EXERCISE DETAILS =
Your response to the data below should hold nothing except the lines from the one containing "An exact charged" down to the one containing "Sac à main Chic", reproduced exactly and without pictures.

+++ DATA SHOWN +++

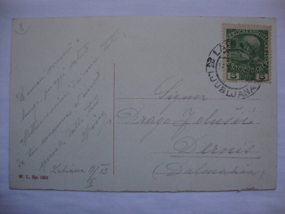 Stara dopisnica Slovenije - Ljubljana putovala za Drniš 1913.godine u odličnom stanju
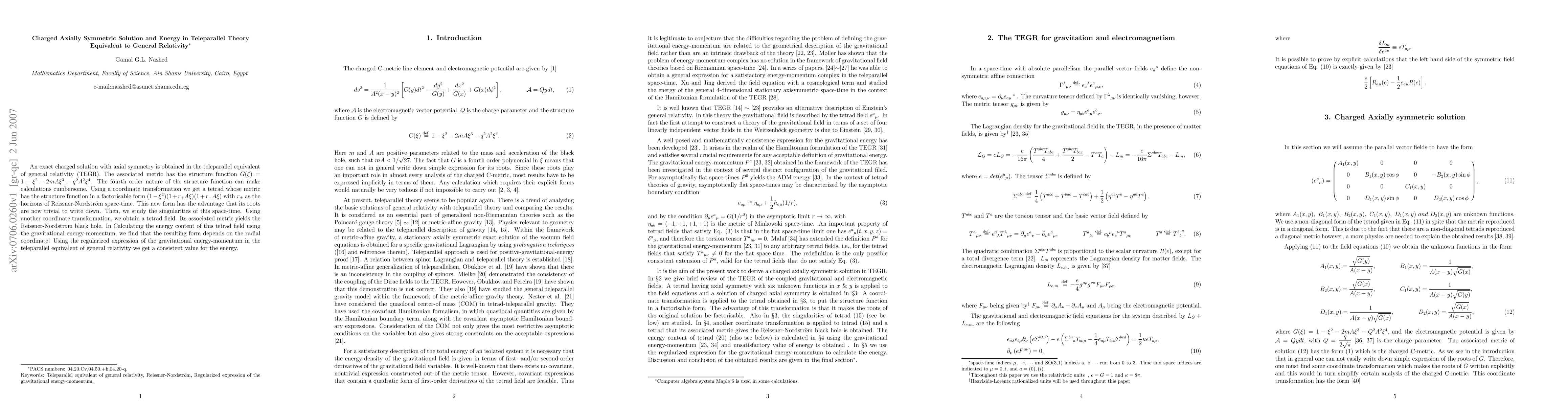 An exact charged solution with axial symmetry is obtained in the teleparallel equivalent of general relativity (TEGR). The associated metric has the structure function $G(\xi)=1-{\xi}^2-2mA{\xi}^3-q^2A^2{\xi}^4$. The fourth order nature of the structure function can make calculations cumbersome. Using a coordinate transformation we get a tetrad whose metric has the structure function in a factorisable form $(1-{\xi}^2)(1+r_{+}A\xi)(1+r_{-}A\xi)$ with $r_{\pm}$ as the horizons of Reissner-Nordstr$\ddot{o}$m space-time. This new form has the advantage that its roots are now trivial to write down. Then, we study the singularities of this space-time. Using another coordinate transformation, we obtain a tetrad field. Its associated metric yields the Reissner-Nordstr$\ddot{o}$m black hole. In Calculating the energy content of this tetrad field using the gravitational energy-momentum, we find that the resulting form depends on the radial coordinate! Using the regularized expression of the gravitational energy-momentum in the teleparallel equivalent of general relativity we get a consistent value for the energy.
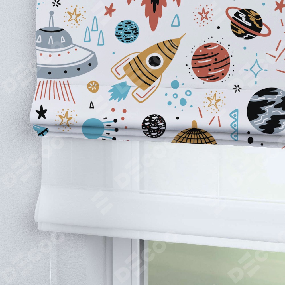 Римская штора день-ночь производителя «Cortin», используется для проёма, пошита из двух полотен, с лицевой блэкаут с нанесением сублимационной печати «Космическое приключение», вторая ткань тюль (по стандарту комплектуется тюль белого цвета артикул V-01). Имеет универсальный механизм и подходит для монтажа: на потолок, на стену и в нишу.
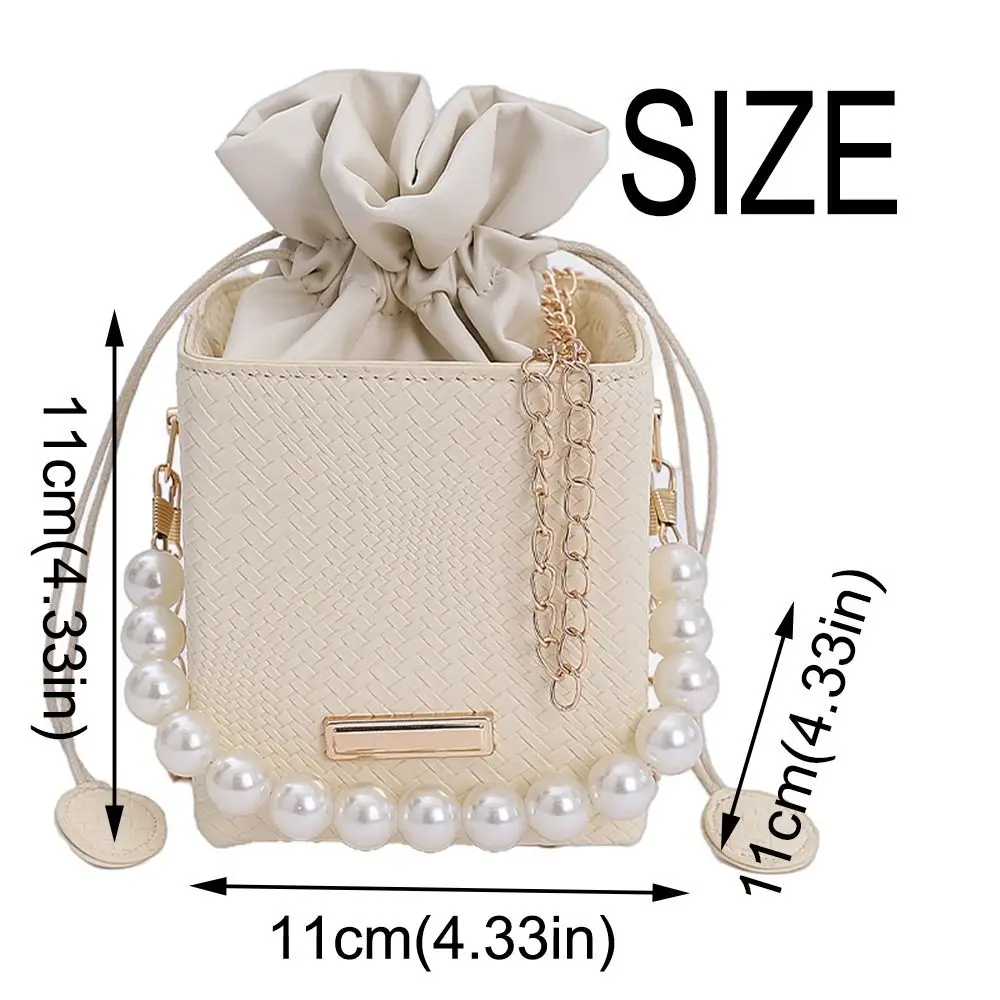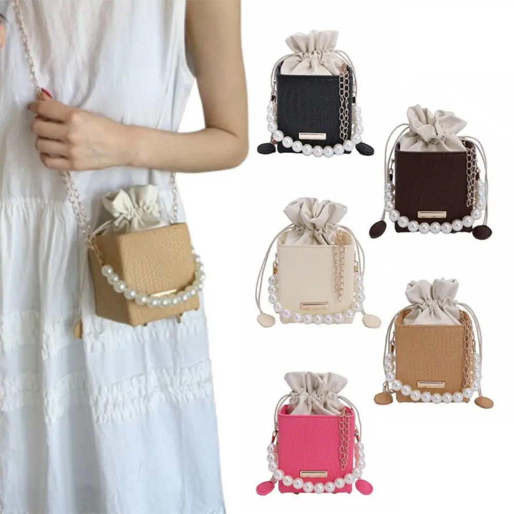 Sac à main Chic et tendance pour femmes, sac à bandoulière léger et élégant avec cordon de serrage, sangle en chaîne de perles, sac seau pour voyage en plein air
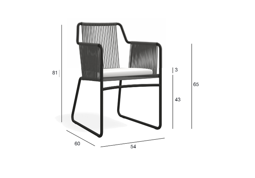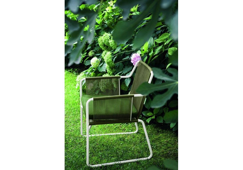 Harp 359 is an outdoor armchair with cushion designed by Rodolfo Dordoni for Roda. The classic string chair finds a new outdoor dimension, where polyester trails its infinite filaments around a tubular stainless steel structure in one continuous outline. Neutrality is ignited by seat cushions of different colors; lightness is given by air vibrating through the cords. Harp is a celebration of a craft manufacturing: a never-ending weave of cords that twine the stainless steel frame drawing lines that look continuous to the human eye. The structure, made in painted stainless steel welded by hand, and the cords, in a double polyester twisted thread with a cotton finishing, is available in milk/sand, smoke/grey, carob/tobacco, smokeolive, milkolive.
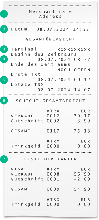 - SCHICHT GESAMTBERICHT - Gesamtzahl und Beträge der kombinierten Verkäufe und Erstattungen. Trinkgelder werden ebenfalls separat ausgewiesen.

+++

ANSWER BOX =
 An exact charged solution with axial symmetry is obtained in the teleparallel equivalent of general relativity (TEGR). The associated metric has the structure function $G(\xi)=1-{\xi}^2-2mA{\xi}^3-q^2A^2{\xi}^4$. The fourth order nature of the structure function can make calculations cumbersome. Using a coordinate transformation we get a tetrad whose metric has the structure function in a factorisable form $(1-{\xi}^2)(1+r_{+}A\xi)(1+r_{-}A\xi)$ with $r_{\pm}$ as the horizons of Reissner-Nordstr$\ddot{o}$m space-time. This new form has the advantage that its roots are now trivial to write down. Then, we study the singularities of this space-time. Using another coordinate transformation, we obtain a tetrad field. Its associated metric yields the Reissner-Nordstr$\ddot{o}$m black hole. In Calculating the energy content of this tetrad field using the gravitational energy-momentum, we find that the resulting form depends on the radial coordinate! Using the regularized expression of the gravitational energy-momentum in the teleparallel equivalent of general relativity we get a consistent value for the energy.
 Римская штора день-ночь производителя «Cortin», используется для проёма, пошита из двух полотен, с лицевой блэкаут с нанесением сублимационной печати «Космическое приключение», вторая ткань тюль (по стандарту комплектуется тюль белого цвета артикул V-01). Имеет универсальный механизм и подходит для монтажа: на потолок, на стену и в нишу.
 Sac à main Chic et tendance pour femmes, sac à bandoulière léger et élégant avec cordon de serrage, sangle en chaîne de perles, sac seau pour voyage en plein air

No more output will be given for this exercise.